═════ RECORDS SHOWN ═════

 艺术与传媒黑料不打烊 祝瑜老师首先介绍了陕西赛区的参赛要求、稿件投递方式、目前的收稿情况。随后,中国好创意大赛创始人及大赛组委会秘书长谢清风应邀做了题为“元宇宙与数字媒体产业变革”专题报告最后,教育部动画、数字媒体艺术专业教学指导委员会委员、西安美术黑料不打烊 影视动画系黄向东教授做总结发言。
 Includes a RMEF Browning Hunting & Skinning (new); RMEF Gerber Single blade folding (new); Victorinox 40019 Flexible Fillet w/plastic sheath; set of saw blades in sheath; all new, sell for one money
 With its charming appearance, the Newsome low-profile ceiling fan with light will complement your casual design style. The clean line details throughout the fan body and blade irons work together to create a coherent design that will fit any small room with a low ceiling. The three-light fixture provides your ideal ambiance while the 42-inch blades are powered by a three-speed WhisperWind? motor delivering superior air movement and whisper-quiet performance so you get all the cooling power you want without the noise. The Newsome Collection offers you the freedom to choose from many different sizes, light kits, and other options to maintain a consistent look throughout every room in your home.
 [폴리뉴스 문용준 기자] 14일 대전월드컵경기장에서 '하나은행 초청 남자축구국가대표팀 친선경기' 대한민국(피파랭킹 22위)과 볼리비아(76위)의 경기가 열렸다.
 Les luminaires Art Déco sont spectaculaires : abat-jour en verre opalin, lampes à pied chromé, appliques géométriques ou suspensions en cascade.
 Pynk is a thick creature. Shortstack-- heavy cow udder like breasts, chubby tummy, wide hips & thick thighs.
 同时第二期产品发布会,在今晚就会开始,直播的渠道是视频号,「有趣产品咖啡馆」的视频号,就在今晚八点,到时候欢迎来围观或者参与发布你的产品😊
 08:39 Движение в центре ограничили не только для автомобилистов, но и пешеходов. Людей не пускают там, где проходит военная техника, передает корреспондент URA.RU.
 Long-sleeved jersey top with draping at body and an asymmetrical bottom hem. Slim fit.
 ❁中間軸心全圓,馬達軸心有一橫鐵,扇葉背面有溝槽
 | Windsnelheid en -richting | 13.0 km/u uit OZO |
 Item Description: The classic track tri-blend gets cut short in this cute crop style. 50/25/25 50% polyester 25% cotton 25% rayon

═════
═════ RECORDS SHOWN ═════

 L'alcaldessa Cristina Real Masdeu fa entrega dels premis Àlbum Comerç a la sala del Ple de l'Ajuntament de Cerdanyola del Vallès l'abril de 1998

═════
═════ RECORDS SHOWN ═════

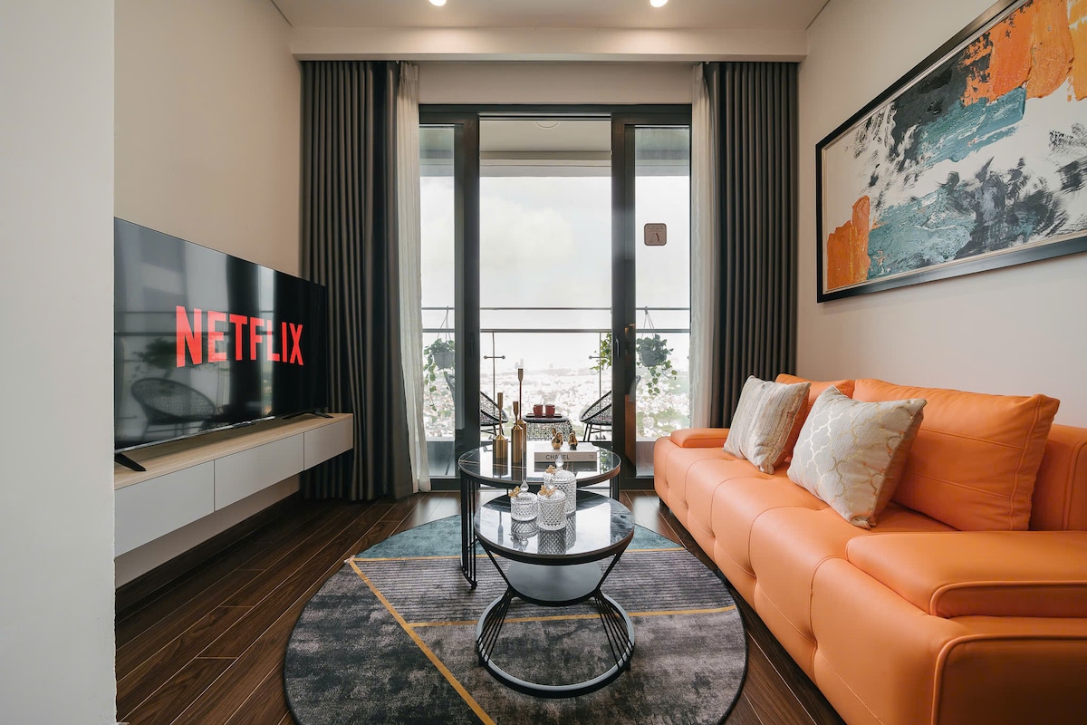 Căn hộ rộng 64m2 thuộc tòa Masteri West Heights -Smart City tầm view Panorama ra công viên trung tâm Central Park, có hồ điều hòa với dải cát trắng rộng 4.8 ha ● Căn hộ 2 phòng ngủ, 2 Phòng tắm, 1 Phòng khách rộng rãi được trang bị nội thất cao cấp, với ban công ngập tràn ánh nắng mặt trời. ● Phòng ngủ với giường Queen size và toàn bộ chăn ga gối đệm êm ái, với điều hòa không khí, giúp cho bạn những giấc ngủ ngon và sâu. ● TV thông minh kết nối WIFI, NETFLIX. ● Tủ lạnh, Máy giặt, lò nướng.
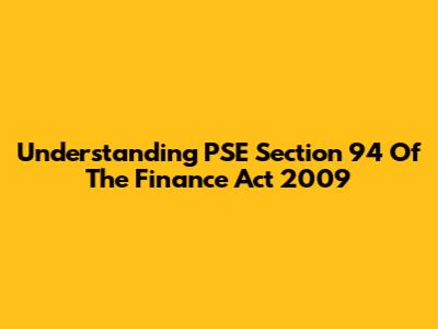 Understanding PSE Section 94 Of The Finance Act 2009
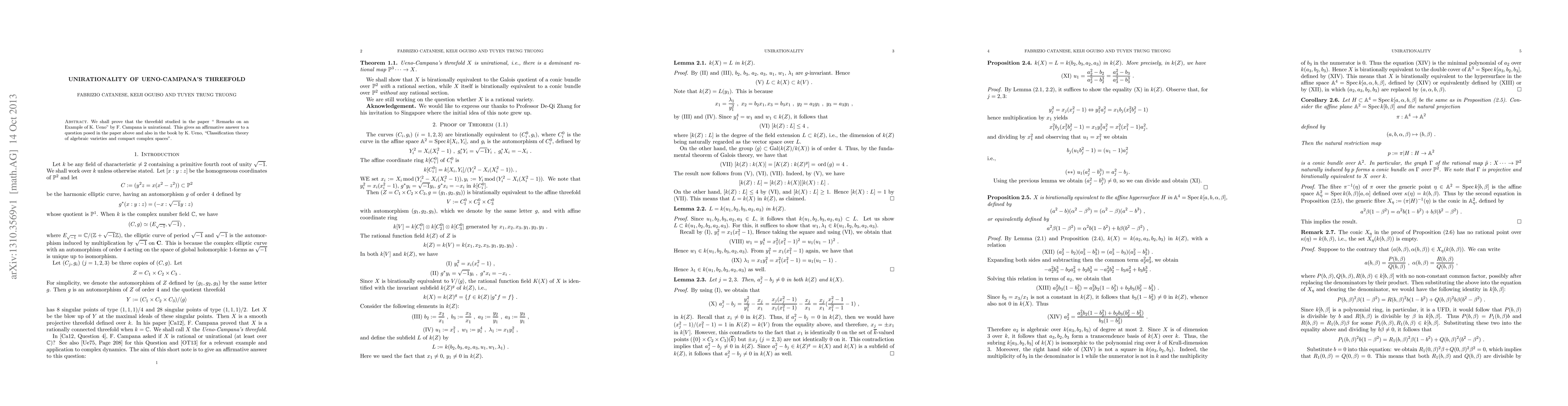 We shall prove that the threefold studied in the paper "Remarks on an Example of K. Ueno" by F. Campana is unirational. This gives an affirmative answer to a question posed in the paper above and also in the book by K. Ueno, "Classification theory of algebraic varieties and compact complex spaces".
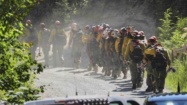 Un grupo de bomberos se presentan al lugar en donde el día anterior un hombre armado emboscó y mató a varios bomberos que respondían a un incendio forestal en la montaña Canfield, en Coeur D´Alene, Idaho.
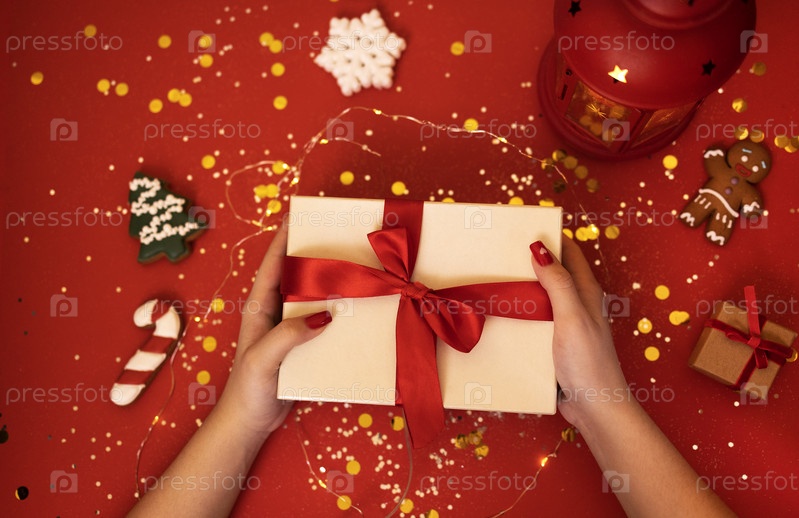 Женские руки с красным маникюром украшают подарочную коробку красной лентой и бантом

═════

* EXERCISE AIM *
Copy out each line of the data above, exactly, if it lies between the line holding "Les luminaires Art" and the line holding "Item Description: The", inclusive; copy no other line.

* WORKED SOLUTION *
 Les luminaires Art Déco sont spectaculaires : abat-jour en verre opalin, lampes à pied chromé, appliques géométriques ou suspensions en cascade.
 Pynk is a thick creature. Shortstack-- heavy cow udder like breasts, chubby tummy, wide hips & thick thighs.
 同时第二期产品发布会,在今晚就会开始,直播的渠道是视频号,「有趣产品咖啡馆」的视频号,就在今晚八点,到时候欢迎来围观或者参与发布你的产品😊
 08:39 Движение в центре ограничили не только для автомобилистов, но и пешеходов. Людей не пускают там, где проходит военная техника, передает корреспондент URA.RU.
 Long-sleeved jersey top with draping at body and an asymmetrical bottom hem. Slim fit.
 ❁中間軸心全圓,馬達軸心有一橫鐵,扇葉背面有溝槽
 | Windsnelheid en -richting | 13.0 km/u uit OZO |
 Item Description: The classic track tri-blend gets cut short in this cute crop style. 50/25/25 50% polyester 25% cotton 25% rayon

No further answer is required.